[Start of section]

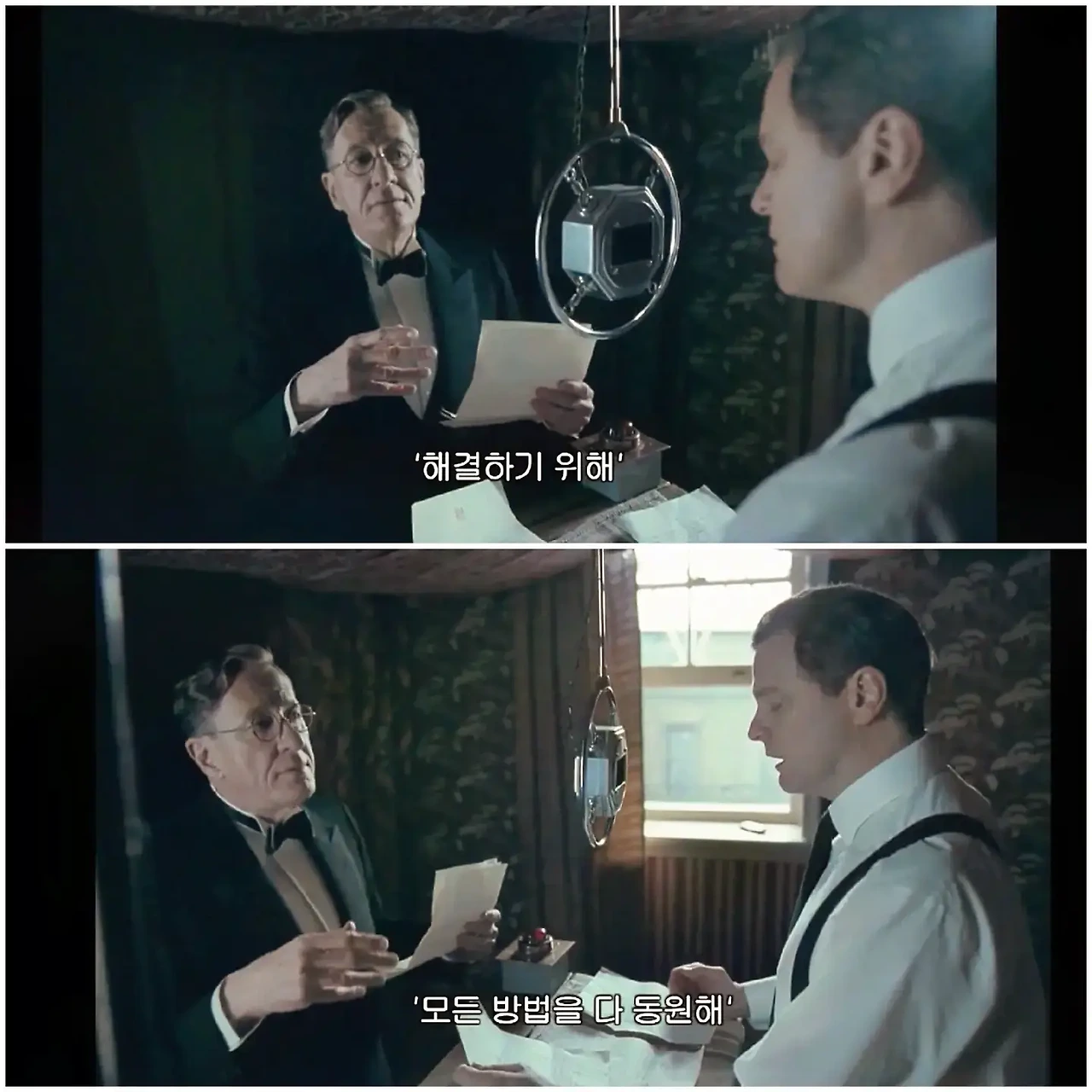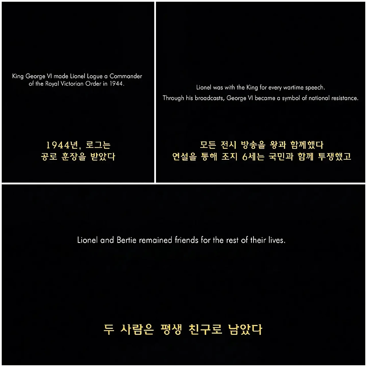두려움에 떨고 있는 국민들에게 국왕으로서 용기와 희망을 전해주는 일생일대의 연설을 하는 동안, 스튜디오 안에는 두 사람만이 함께한다. 코치는 그가 연설을 하는 내내 온 마음으로, 눈으로, 입술로 응원을 한다. 이 장면에서 가슴이 뜨거워졌다. 성공적인 첫 연설을 마치고 조지 6세는 앞으로 자신의 연설에 쭉 함께해달라고 말한다. 그리고 두 사람은 평생 친구가 된다.
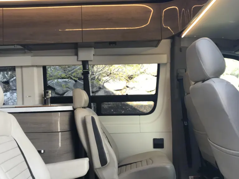 About us: We are a family of 7! Our 5 kids are growing up way to fast! It was time to take advantage of the few summers we get with them. We like to travel, ski, hike & go boating. Of all of the small van-like 24 foot RVs we looked at, you either have seating for 4-8 & sleeping for 2 or you have kiddos sitting straight across the dinning area with their feet hitting each other! We wanted to minimize the chance for a kicking war & aim for family peace! That’s a lofty, mostly unattainable goal, I know! But this Van just might help a little! We traveled comfortably with 3 adults and 4 kids with minimal seating issues! WIN!
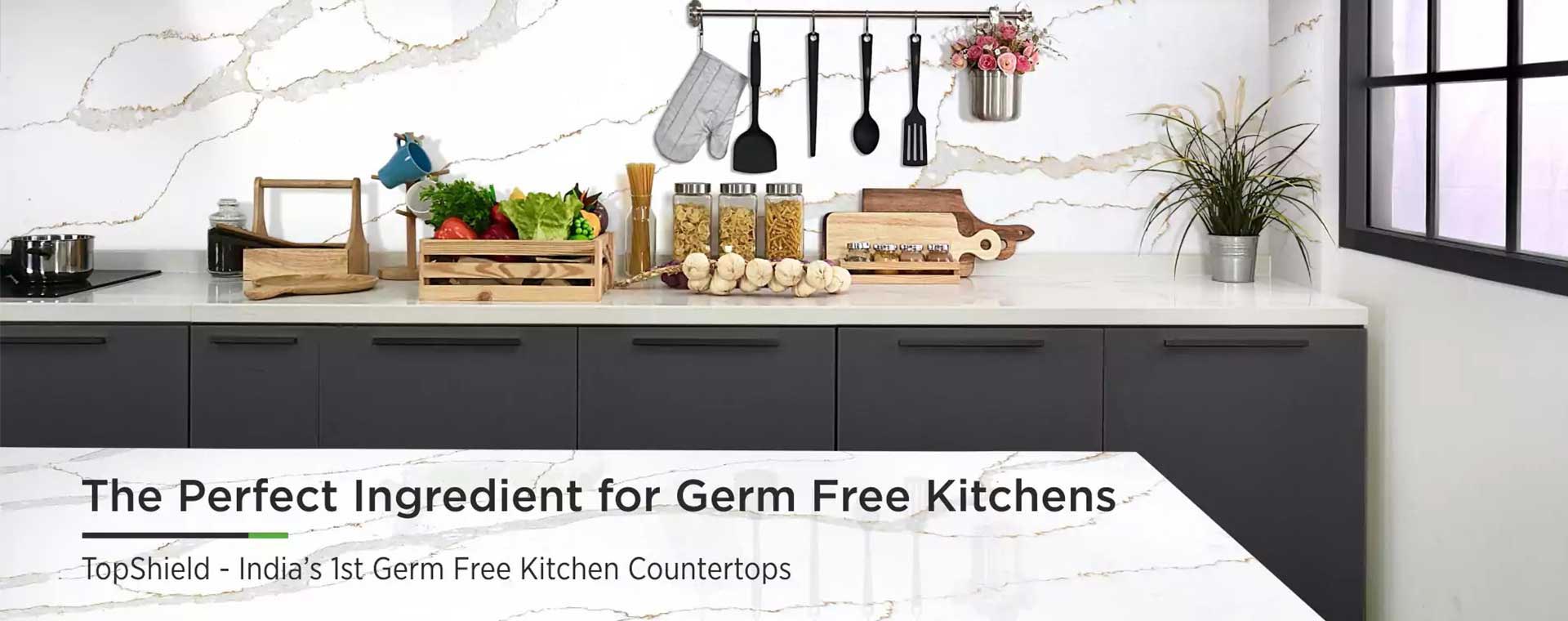 Beauty of natural stone untouched by germs. Presenting Topshield, India's 1st germ free Quartz kitchen countertops.
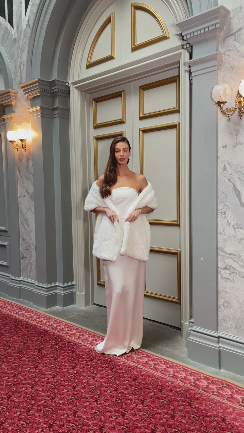 Introducing 'Sia', a beautifully cosy faux fur wrap that adds sophistication and comfort to your bridal ensemble. Its plush texture and warmth make it ideal for chilly wedding days, and it beautifully complements your special day attire. An effortless layer, Sia adds a touch of glamour while keeping you warm on your big day.
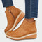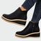Női **bőrcipők platformmal** fekete színben, amelyek ötvözik az eleganciát és a kényelmet. Minimalista dizájnja **oldalsó cipzárral** könnyű felhúzást biztosít, míg a **stabil platform** magasságot ad anélkül, hogy fárasztana. Ideálisak mindennapi és esti alkalmakra, modern városi stílusban.
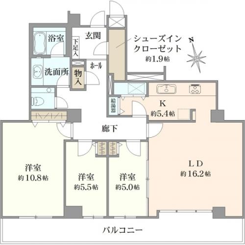間取り 3LDK 専有面積 103.81m2(31.4坪) 壁芯
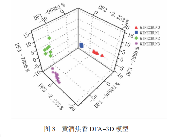 從圖 8 中可以看出,4 個焦香分值的酒樣分布具有顯著的區(qū)域性。在區(qū)別 0 分與 1 分的酒樣時 DF2 占主要因素;區(qū)別 1 分與 2 分的酒樣時 DF1 占主要因素;區(qū)別 2 分與 3 分的酒樣時 DF3 占主要因素。圖中 DF1 占97.0 %,DF2 占 2.2 %,DF3 占 0.8 %。
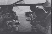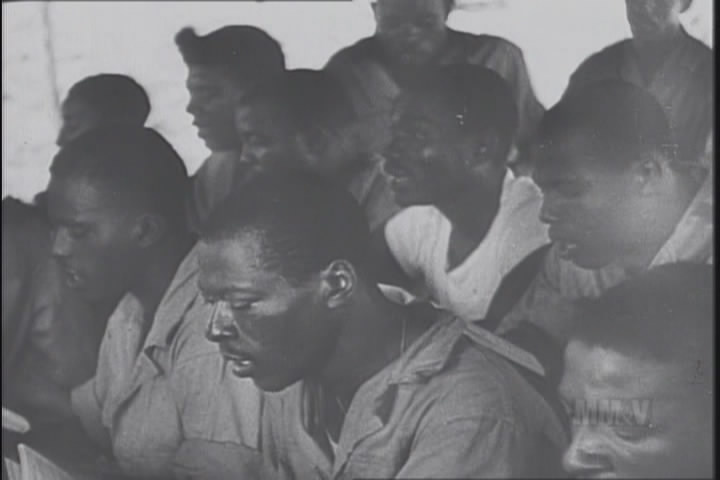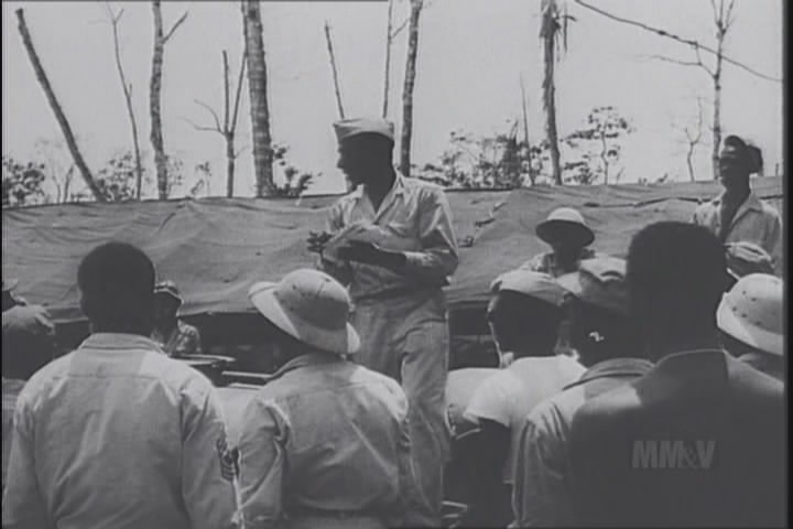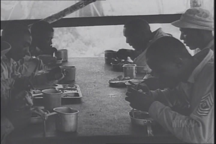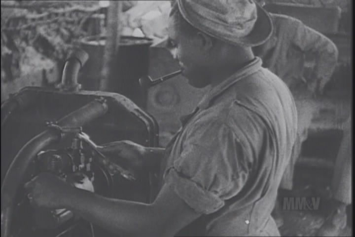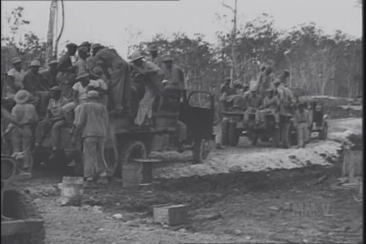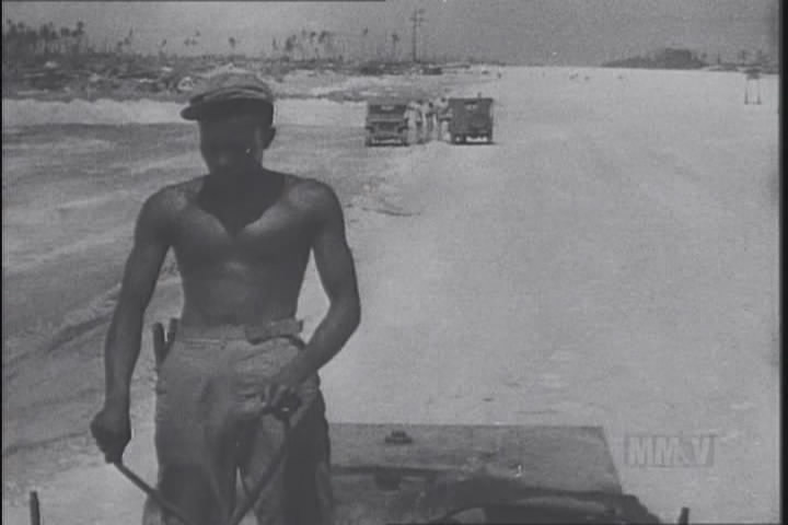 A group of engineers set out to rebuild Munda's airfield. Notice that they are all black. There was quite a bit of racism in the military, and blacks were largely confined to being engineers, cooks, stewards, and similar workers.
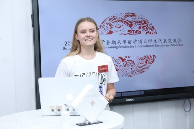 最后,来自牛津大学的学生代表Kearney Aileen与来自圣母大学的学生代表Patrick Hughes分别分享了自己在北大学习生活的体验。Aileen同学来自牛津大学圣休学院,她认为来北京大学学习为她的学生生涯增添了别样风采,她感谢北大为她带来丰富的学习机会和良好的配套支持,北大的课程不仅提高了她的汉语水平,还让她更加深入地了解中国文化,品尝中国的真正“原味”。Patrick同学充满感情地表达了对北大暑期课程的喜爱和感激,这是他第二次选择来到北大学习,他认为北大优质的教学资源和轻松的生活氛围让他感到自在和愉快,这所美丽的大学无疑已成为他心中的第二个“家”。
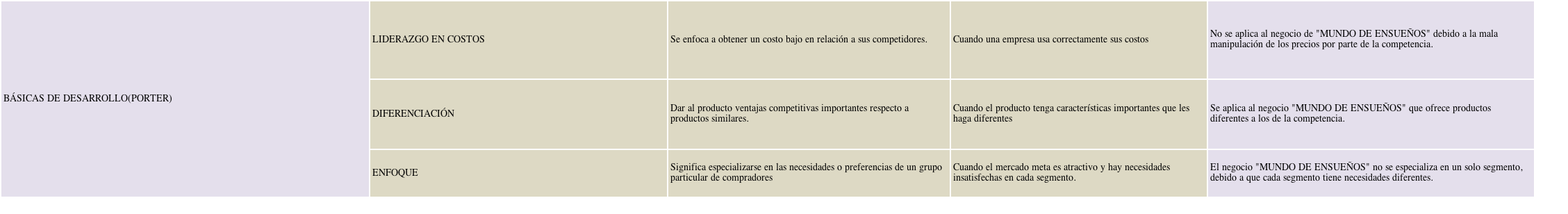 Como resultado, Porter (2013) sugiere que mediante la aplicación de estrategias genéricas los negocios de forma específica, las que pertenecen al sector terciario tratan de utilizar sus ventajas competitivas en los mercados o fragmentos de mercado establecidos como objetivos estratégicos. (Tabla 1)
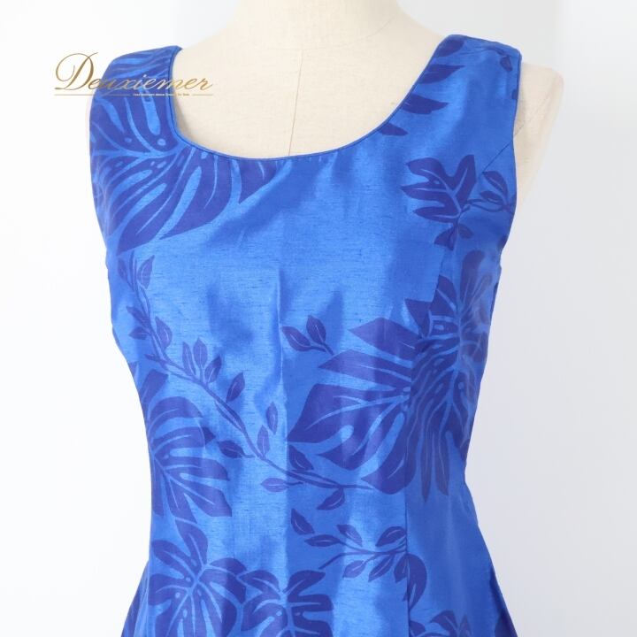 フラダンス 衣装 ワンピース ドレス ブルー系 メネフネプランテーション 日本製 モンステラ柄 ハワイアンプリント MENEHUNE PLANTETION 植物柄 アロハ フラ ダンス レッスン 練習 ノースリーブ 華やか 鮮やか 大人っぽい 上品 かわいい おしゃれ ネイビー系 青 紺 衣装スタイル フェスティバル リゾート レディース かわいいデザイン フラダンス用
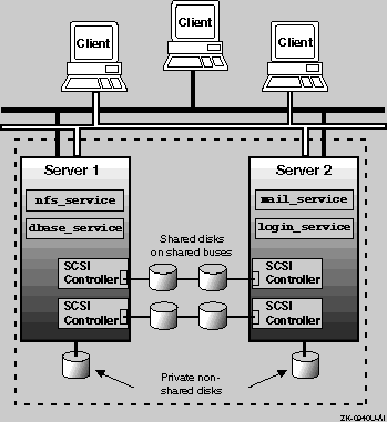 SCSI controllers--Each member system must have at least one supported SCSI controller installed in an I/O bus slot to connect the system to a shared bus. The use of multiple shared SCSI buses allows data to be mirrored across SCSI buses.
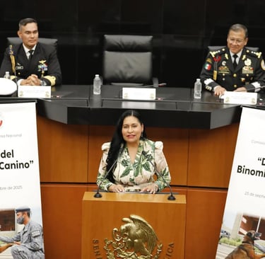 Miércoles 24 Septiembre 2025.- La Senadora Ana Lilia Rivera Rivera conmemoró, junto con las Fuerzas Armadas de México, representadas por la Secretaría de la Defensa Nacional (Sedena), la Guardia Nacional y la Secretaría de Marina, el día del binomio canino, instituido por decreto presidencial con el objetivo de reconocer y rendir homenaje a todos los manejadores y ejemplares caninos que dan lo mejor de sí en beneficio del país.

[End of section]

▸ **Instructions to follow**
Please copy, exactly as written, the lines from the one that contains "A group of engineers" through the end of the records, both ends included. Do not include the pictures.

▸ **Solution to the problem**
 A group of engineers set out to rebuild Munda's airfield. Notice that they are all black. There was quite a bit of racism in the military, and blacks were largely confined to being engineers, cooks, stewards, and similar workers.
 最后,来自牛津大学的学生代表Kearney Aileen与来自圣母大学的学生代表Patrick Hughes分别分享了自己在北大学习生活的体验。Aileen同学来自牛津大学圣休学院,她认为来北京大学学习为她的学生生涯增添了别样风采,她感谢北大为她带来丰富的学习机会和良好的配套支持,北大的课程不仅提高了她的汉语水平,还让她更加深入地了解中国文化,品尝中国的真正“原味”。Patrick同学充满感情地表达了对北大暑期课程的喜爱和感激,这是他第二次选择来到北大学习,他认为北大优质的教学资源和轻松的生活氛围让他感到自在和愉快,这所美丽的大学无疑已成为他心中的第二个“家”。
 Como resultado, Porter (2013) sugiere que mediante la aplicación de estrategias genéricas los negocios de forma específica, las que pertenecen al sector terciario tratan de utilizar sus ventajas competitivas en los mercados o fragmentos de mercado establecidos como objetivos estratégicos. (Tabla 1)
 フラダンス 衣装 ワンピース ドレス ブルー系 メネフネプランテーション 日本製 モンステラ柄 ハワイアンプリント MENEHUNE PLANTETION 植物柄 アロハ フラ ダンス レッスン 練習 ノースリーブ 華やか 鮮やか 大人っぽい 上品 かわいい おしゃれ ネイビー系 青 紺 衣装スタイル フェスティバル リゾート レディース かわいいデザイン フラダンス用
 SCSI controllers--Each member system must have at least one supported SCSI controller installed in an I/O bus slot to connect the system to a shared bus. The use of multiple shared SCSI buses allows data to be mirrored across SCSI buses.
 Miércoles 24 Septiembre 2025.- La Senadora Ana Lilia Rivera Rivera conmemoró, junto con las Fuerzas Armadas de México, representadas por la Secretaría de la Defensa Nacional (Sedena), la Guardia Nacional y la Secretaría de Marina, el día del binomio canino, instituido por decreto presidencial con el objetivo de reconocer y rendir homenaje a todos los manejadores y ejemplares caninos que dan lo mejor de sí en beneficio del país.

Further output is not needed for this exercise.